Nobody really knows what will happen with the MS monster. What type of disability plan do you have, because that could be important in the future?

Think positive & hope your symptoms settle down. Have you heard about low dose naltrexone? If not, go to ldn.org

Have you seen your neuro? Maybe they could do a Prednisone tapering dose for you that will help. The hip pain & tingling may last awhile & you may have to learn to adjust to that. But the vision thing can be helped with steriods. Good luck.

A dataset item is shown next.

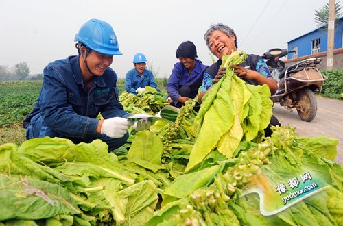 60個煙炕巡視完畢已是上午10點鐘,這時,來烤煙的煙農也陸續多了起來,看到農電工魏國強和袁淑濤,靳村的李大爺也主動上來打招呼。李大爺告訴筆者,他家的第一炕煙1600斤已經烘烤完畢,可以收入2萬元左右。李大爺的臉上還是留露出來一絲遺憾,由于今年天氣異常幹旱,煙葉種植也受到了很大影響,産量較去年減産50%以上,李大爺今年種了近50畝煙葉,大約能收入15、6萬,相比去年少收入10多萬元。李大爺説,能有這樣的收成還得好好感謝供電所,國強和淑濤來幫他把地澆了3遍,現在又主動幫忙烤煙,烤煙期間也沒有停過電……談起供電所的服務,李大爺更是讚不絕口。

Thanks for the feedback I've done the predisone and that helped with the double vision but I'm really sensitive to light now and that hasn't gone away. I see my neuro again tomorrow hopefully he'll give me some thing new that might help. My disability plan is full pay for 16 weeks after that it's 60% with 4 kids and the economy their is no way to survive off of that. I'm hoping to be able to go back to work but, I've always been a person to have a back up plan and now I just sit and wonder what if.. what if my vision doesn't get better, what if I can't go back to work, this disease attacked me and now I know the signs were always their but now I have no idea what my next step will be.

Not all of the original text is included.